Yuan Jianbo, Zhu Henghui, Tahmasebi Amir
Department of Computer Science, University of Rochester, Rochester, NY, USA.
Division of Systems Engineering, Boston University, Brookline, MA, USA.
AMIA Jt Summits Transl Sci Proc. 2019 May 6;2019:285-294. eCollection 2019.
Radiology reports contain descriptions of radiological observations followed by diagnosis and follow up recommendations, transcribed by radiologists while reading medical images. One of the most challenging tasks in a radiology workflow is to extract, characterize and structure such content to be able to pair each observation with an appropriate action. This requires classification of the findings based on the provided characterization. In most clinical setups, this is done manually, which is tedious, time-consuming and prone to human error yet of great importance as various types of findings in the reports require different follow-up decision supports and draw different levels of attention. In this work, we present a framework for detection and classification of change characteristics of pulmonary nodular findings in radiology reports. We combine a pre-trained word embedding model with a deep learning based sentence encoder. To overcome the challenge of access to limited labeled data for training, we apply Siamese network with pairwise inputs, which enforces the similarities between findings under the same category. The proposed multitask neural network classifier was evaluated and compared against state-of-the-art approaches and demonstrated promising performance.
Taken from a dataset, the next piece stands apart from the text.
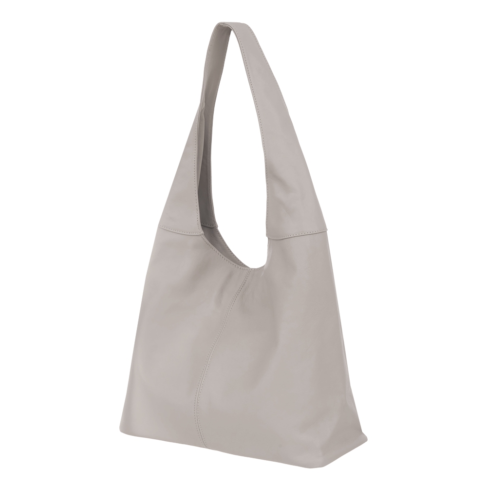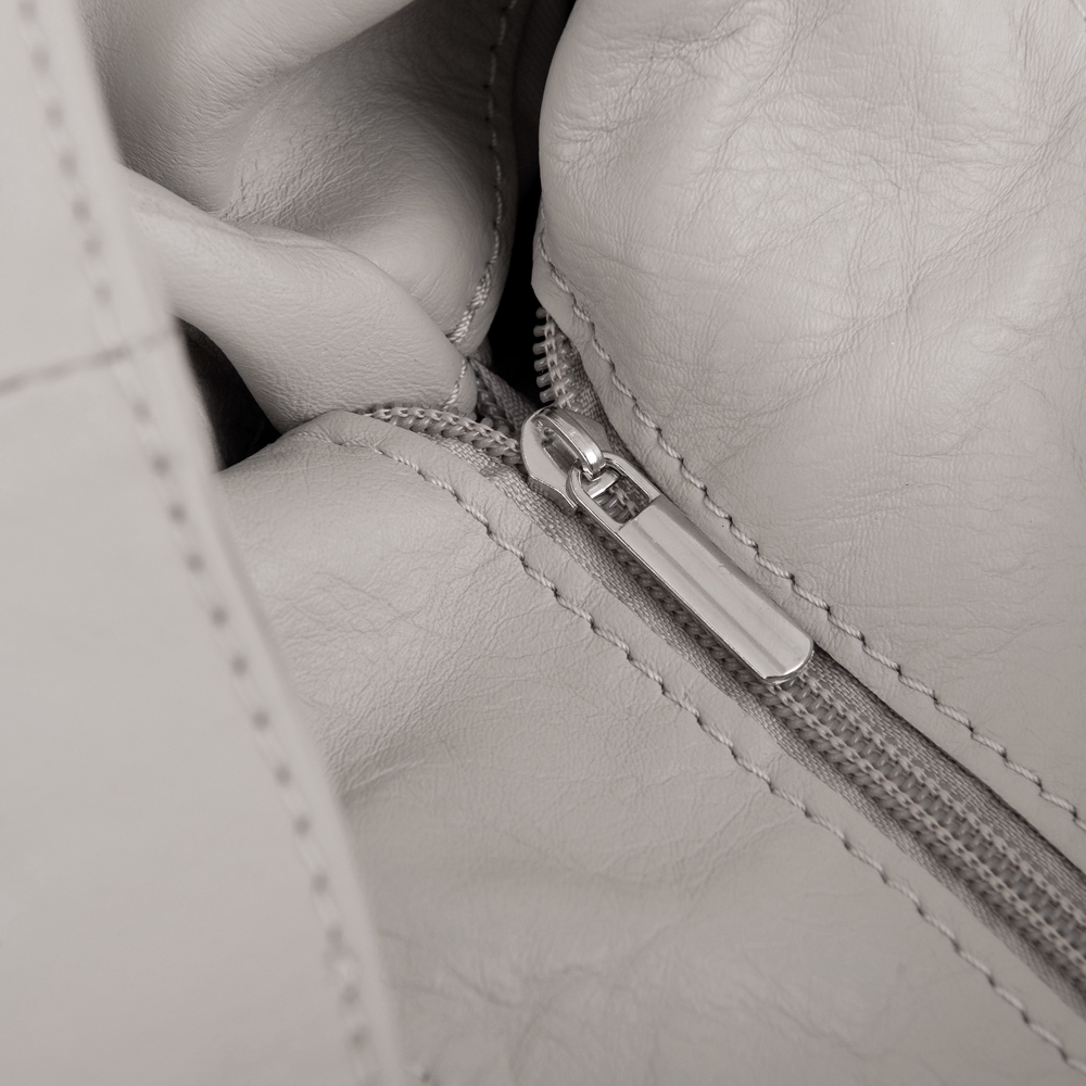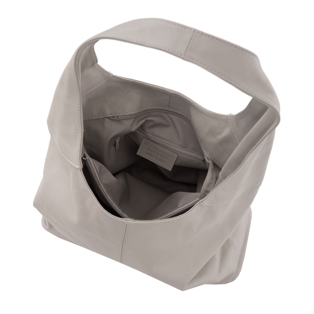 Włoska skórzana torebka / worek wykonana z wysokogatunkowej naturalnej miękkiej skóry cielęcej. Zamykana z góry na suwak. Torebka dwukomorowa przedzielona na środku dużą kieszenią na suwak + wewnątrz jedna kieszonka na zamek oraz jedna na telefon. Wnętrze wykończone trwałą, czarną podszewką. Szerokie ucho umożliwia wygodne noszenie torebki na ramieniu.

放射学报告包含放射学观察的描述,随后是诊断和随访建议,由放射科医生在阅读医学影像时转录。放射学工作流程中最具挑战性的任务之一是提取、描述和构建此类内容,以便能够将每个观察结果与适当的行动配对。这需要根据提供的描述对发现进行分类。在大多数临床环境中,这是手动完成的,既繁琐又耗时,而且容易出错,但却非常重要,因为报告中的各种类型的发现需要不同的随访决策支持,并引起不同程度的关注。在这项工作中,我们提出了一个用于检测和分类放射学报告中肺结节发现的变化特征的框架。我们将预训练的词嵌入模型与基于深度学习的句子编码器相结合。为了克服训练中获取有限标记数据的挑战,我们应用具有成对输入的暹罗网络,该网络增强了同一类别下发现之间的相似性。对所提出的多任务神经网络分类器进行了评估,并与现有最先进的方法进行了比较,结果显示出了良好的性能。